Read more: Walter Tunis’ take on Madonna’s halftime show.
Madonna hadn’t even disappeared into the floor of her Super Bowl halftime show stage before haters were piling on the tweets including the annual declaration of “Worst Super Bowl halftime show ever,” along with slags on Madge’s age (53), music, etc.
People, everything doesn’t have to be a best or worst ever.
I’d place it comfortably in the middle.
I was ready to put Madonna at the top of the list if she brought it, and she brought a lot to the Super Bowl including an eye-popping stage that at one point swallowed the football field, Trojan warriors, a bunch of guest stars and several drumlines.

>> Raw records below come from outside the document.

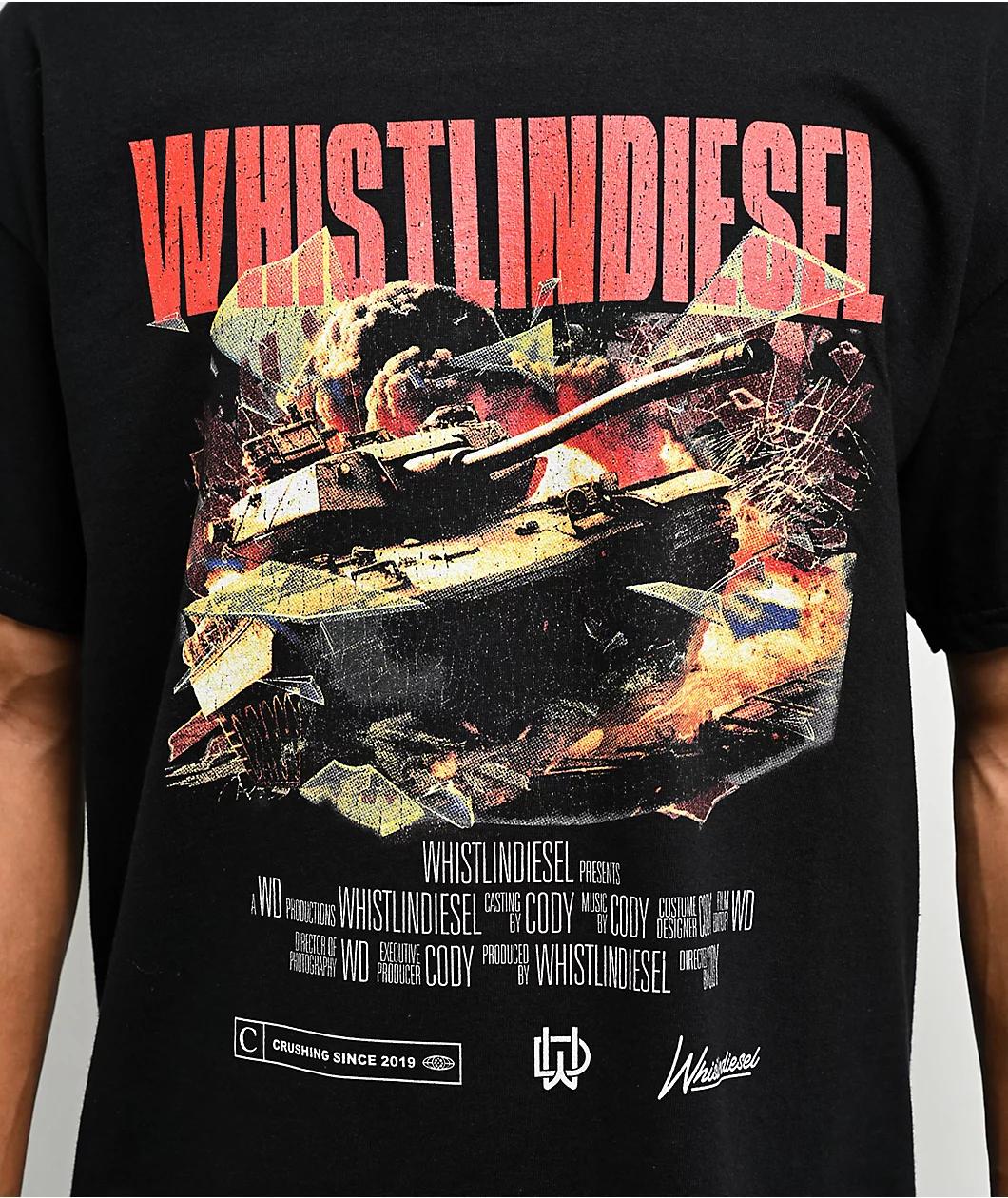 Add an explosive touch to any casual outfit with the WhistlinDiesel The Movie t-shirt. Landing in a black colorway with a graphic on the front of a tank emerging from an explosion surrounded by faux Movie poster branding, the soft cotton tee has an a
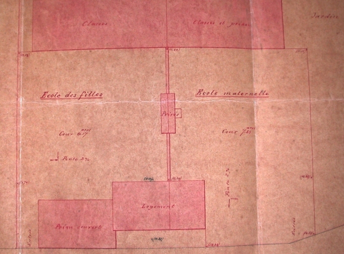 La partie habitation se compose d'une maison sur soubassement construite en grès pour le gros-oeuvre. Elle associe deux logis jumelés à double orientation, l'un à deux travées, l'autre de type ternaire. L'entrée de chaque logis est desservie par un un escalier droit en maçonnerie. L'encadrements des ouvertures est appareillé de granite clair en pierre de taille. L'utilisation et la mise en oeuvre du grès et du granite soulignent la composition de l'édifice et créent un effet de polychromie caractéristique. La partie scolaire se présente sous la forme d'un bâtiment de plan rectangulaire allongé, à treize travées.
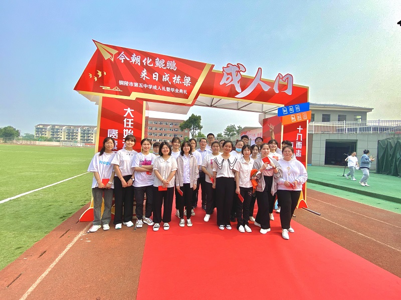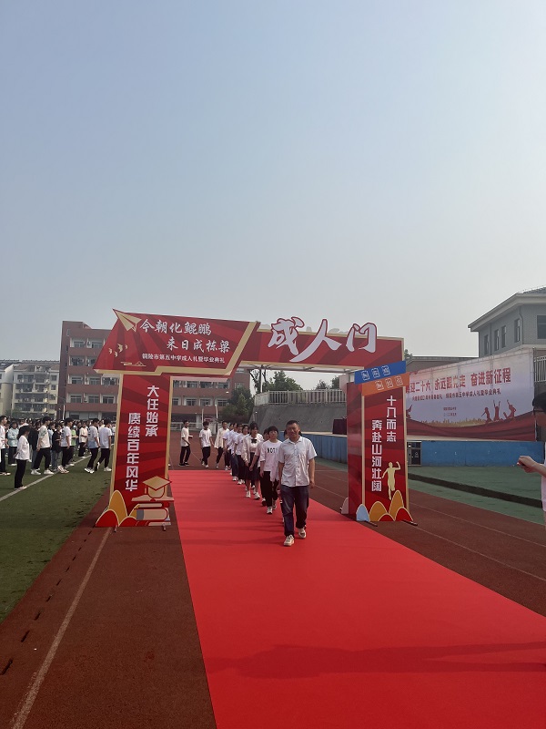 隨后,迎來了隆重的成人禮過成人門儀式,在班主任的帶領(lǐng)下,學(xué)生們緩緩走過成人門紅地毯。
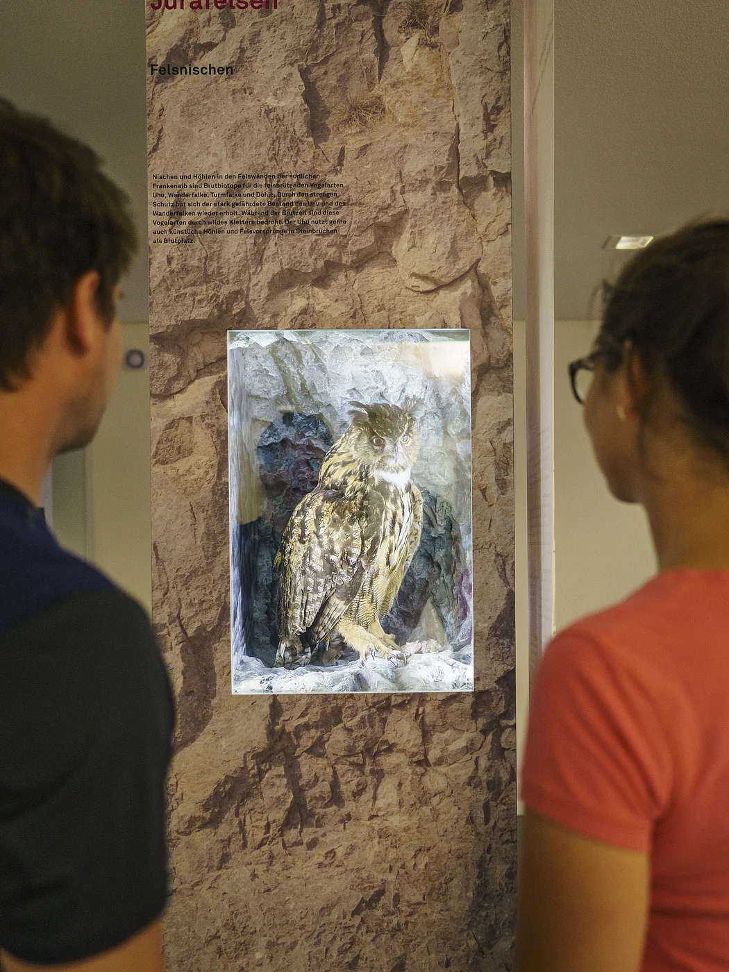 Über zwei Stockwerke erstreckt sich die Ausstellung, die klassische Elemente mit vielen Stationen zum Hören, Fühlen und Entdecken verbindet. Im ersten Stock des Informationszentrums spaziert man durch die Naturlandschaft des Naturpark Altmühltal und entdeckt selbstverständlich auch, was sich alles in dieser herrlichen Natur erleben lässt. Dabei wagt man einen Blick tief hinab in das Innere einer Doline oder entspannt beim Plätschern einer „Steinernen Rinne“.
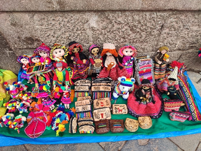 A detailed view of a handicraft vendor's stall is depicted outdoors in Wanchaq, Peru
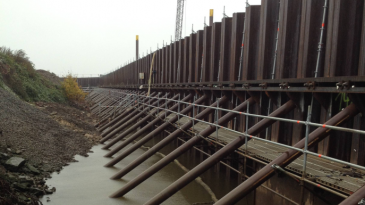 Das ehemalige Tanklager der Esso Deutschland GmbH befindet sich an der Stadtstrecke der Weser in Bremen. Die 250m lange Böschung wird durch eine einfach rückverankerte Spundwandkaje mit Schlossdichtungen aufgewertet. Aufgrund der vorliegenden Kontaminationen des Bodens ist eine Forderung den Wasserüberdruck bis OK Gelände anzusetzen, die Spundwand wird mit Schlossdichtungen versehen.
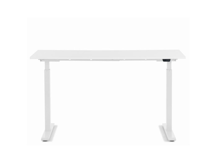 Ένα ορθογώνιο, ηλεκτρικά ρυθμιζόμενο γραφείο με στιβαρή, λευκή μαύρη επιφάνεια MFC και λακαρισμένο πλαίσιο από χάλυβα σε λευκό χρώμα.
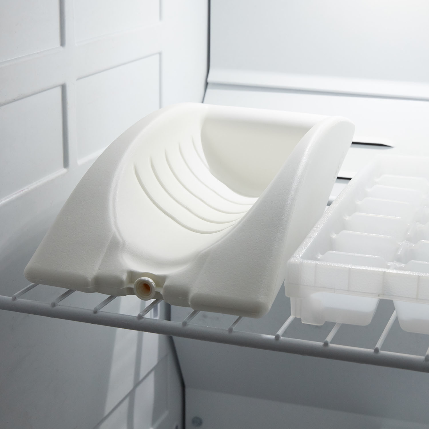 It's made of conductive plastic, so all you have to do is keep the interior cooling pocket in the freezer. When it's time to chill your wine, just remove the pocket, slide it into the matching chassis, and place the bottle inside. It will get cold fast, and look good doing it, with no need for wet, drippy ice, electricity, or extra effort.
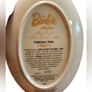 Barbie Oval Shaped porcelain plate depicting the "Here Comes the Bride Barbie, 1966". The plate is made by Enesco as part of the From Barbie with Love Collection - made in 1995. It is a numbered plate - #3633. Includes box and certificate of authenticity.
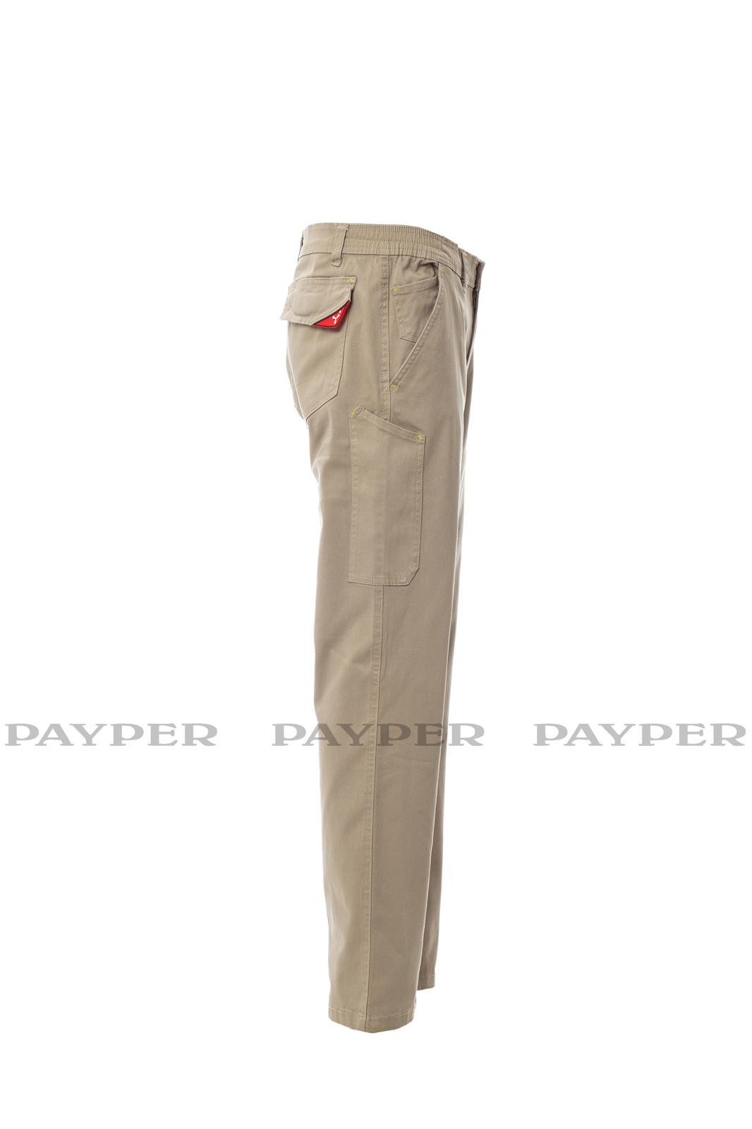 Calças com presilhas e elástico na cintura, fecho de correr e botão. Dois bolsos clássicos na frente, pequeno bolso para moedas, bolso para metro do lado direito, bolso do lado esquerdo com paleta de fecho LOCK SYSTEM, dois bolsos atrás, dos quais um com paleta e velcro. Costura tripla.

Madonna embraced the Super Bowl stage for the big, overblown spectacle that it is. In doing so, she also fulfilled an oft-relearned lesson: big, overblown spectacles can often end up feeling a little hollow. She picked a good set list of pumped-up, dance-oriented numbers like Vogue, Music and Like a Prayer, along with some other dashes like guest artist LMFAO’s Sexy and I Know It for a set that never slowed down and filled the venue. And she loaded the stage with lots of action, including a tightrope walker who was making men across the globe wince with his every move. Thankfully, she did not use the performance to pound us over the head with her upcoming album, MDNA, or movie, W.E. – whatever happened to words in titles?
It was fun. Did I feel like it was great artistry, like when Prince reminded us why Purple Rain is one of the greatest pop songs ever in 2007? No. Was is incredibly moving, like U2′s post 9/11 performance in 2002? No. But if you like Madonna, it was great to see her out there , if not a bit amusing to think that she is now considered “safe” enough for this stage after she was regarded as so scandalous in the 1980s and ’90s.
In picking Super Bowl halftime acts, the NFL tries to come up with something that will make everyone happy, which will never happen. But it has aimed to pick artists with broad appeal who have had substantial careers. Madonna haters have been around since she first showed off her belly button on MTV in 1983. But the woman has had a ground-breaking, chart-topping career and has remained somewhere in the spotlight for nearly three decades.
And the age comments? Let’s consider many halftime performers of recent vintage such as the Rolling Stones and the Who have been considerably older than Madonna when they played – and I’d say she wears 53 very well. Also consider a lot of the Super Bowl ads are laced with ’80s tunes and the big buzz ad this year was based on a movie that came out just two years after Like a Virgin.
A lot of us have gotten older.
So it was a fun, somewhat memorable if not all together inspiring halftime show. Not the best or worst ever, but then again, few things are.